### Required action
Your output should be the exact lines from the start of the data through the line containing "美的移动空调制冷一体机1.5", with no pictures.

### Data section

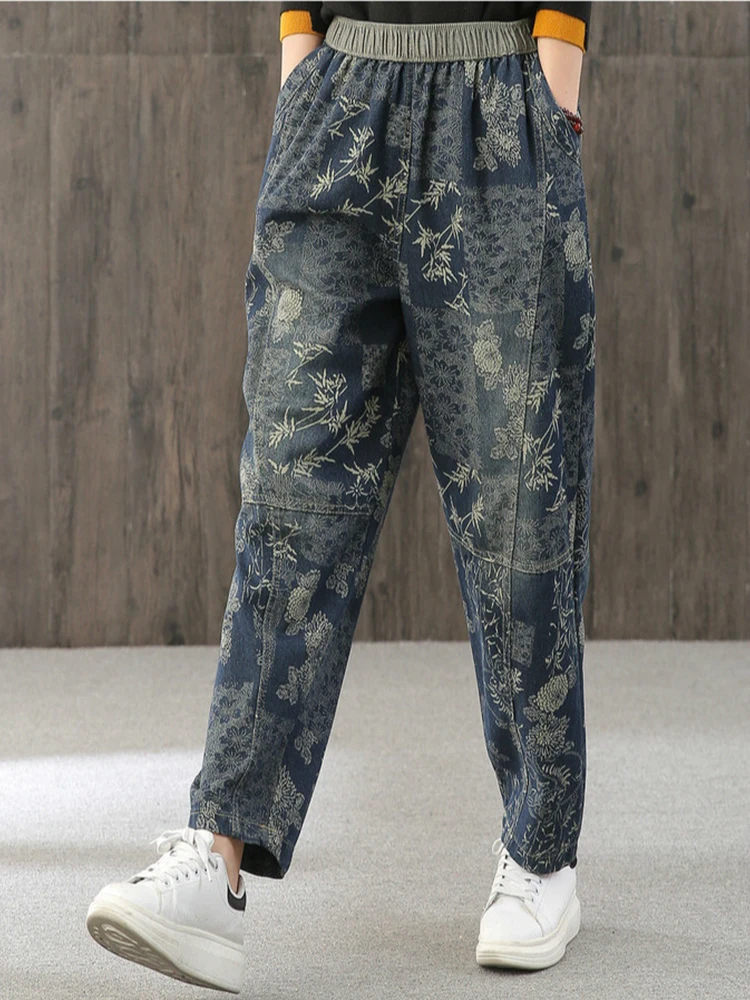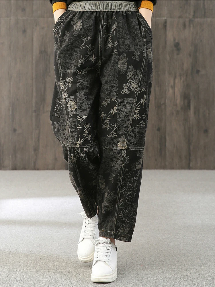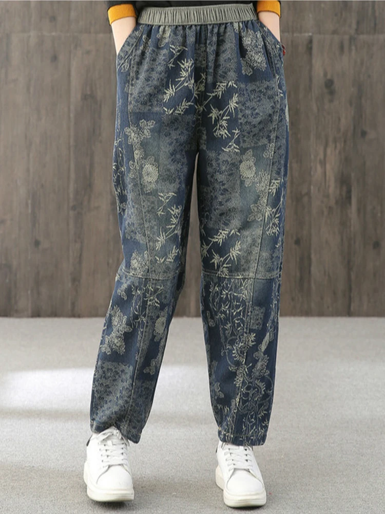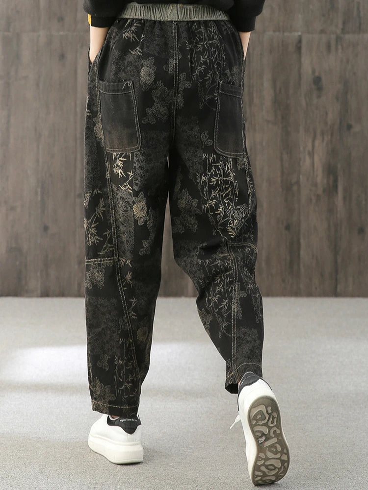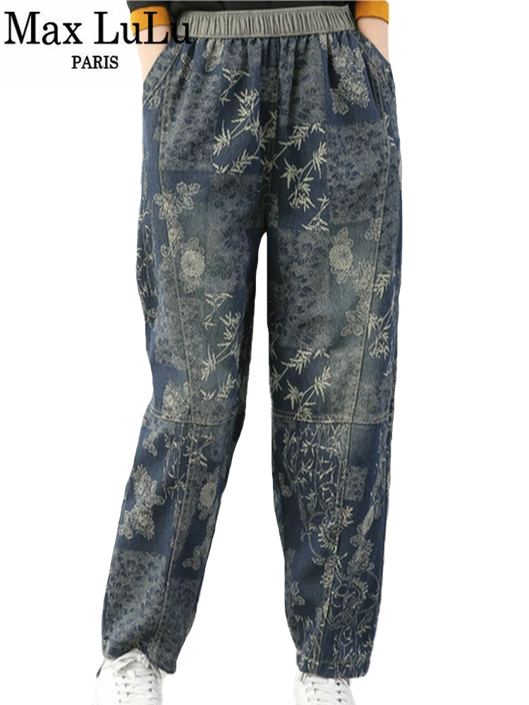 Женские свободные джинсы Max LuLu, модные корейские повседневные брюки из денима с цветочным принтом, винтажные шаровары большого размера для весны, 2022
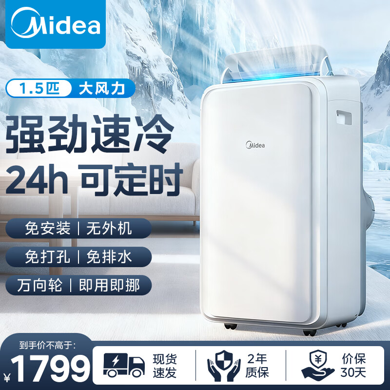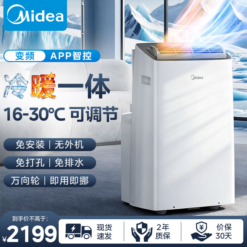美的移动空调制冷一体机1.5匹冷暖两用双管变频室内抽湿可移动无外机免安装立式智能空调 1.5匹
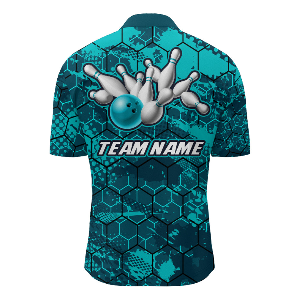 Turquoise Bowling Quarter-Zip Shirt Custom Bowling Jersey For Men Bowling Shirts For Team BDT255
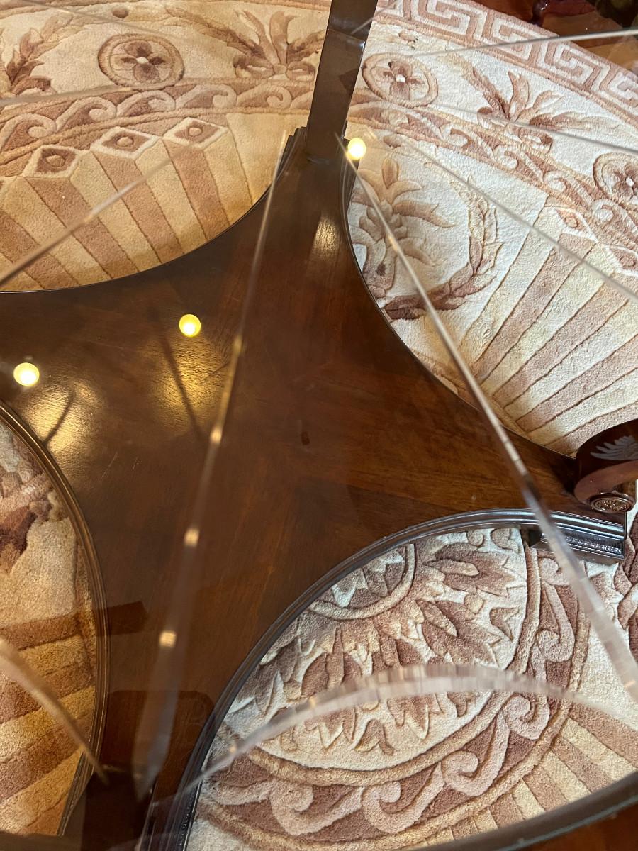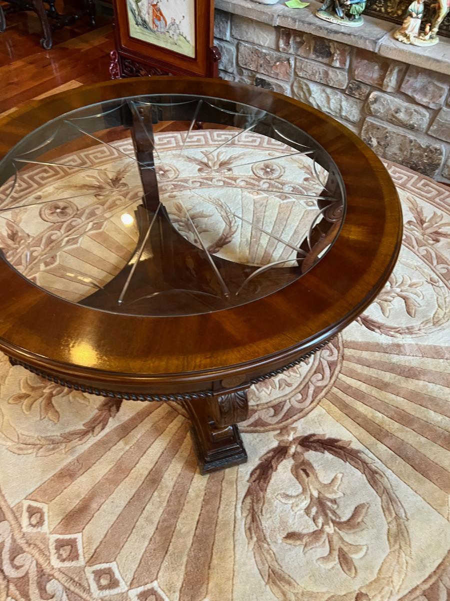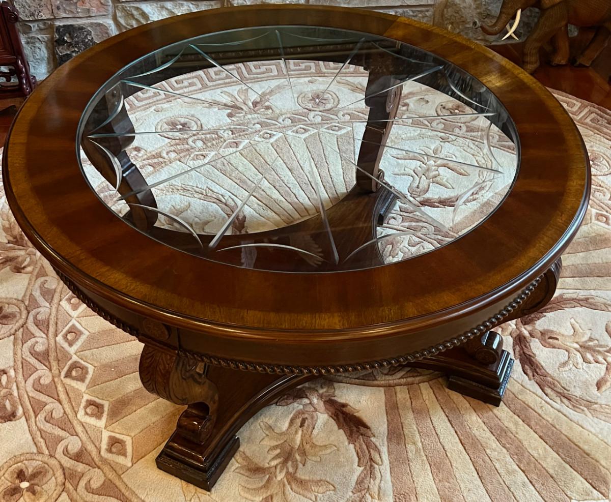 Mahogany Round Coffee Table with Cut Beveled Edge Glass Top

### Task solution
 Женские свободные джинсы Max LuLu, модные корейские повседневные брюки из денима с цветочным принтом, винтажные шаровары большого размера для весны, 2022
美的移动空调制冷一体机1.5匹冷暖两用双管变频室内抽湿可移动无外机免安装立式智能空调 1.5匹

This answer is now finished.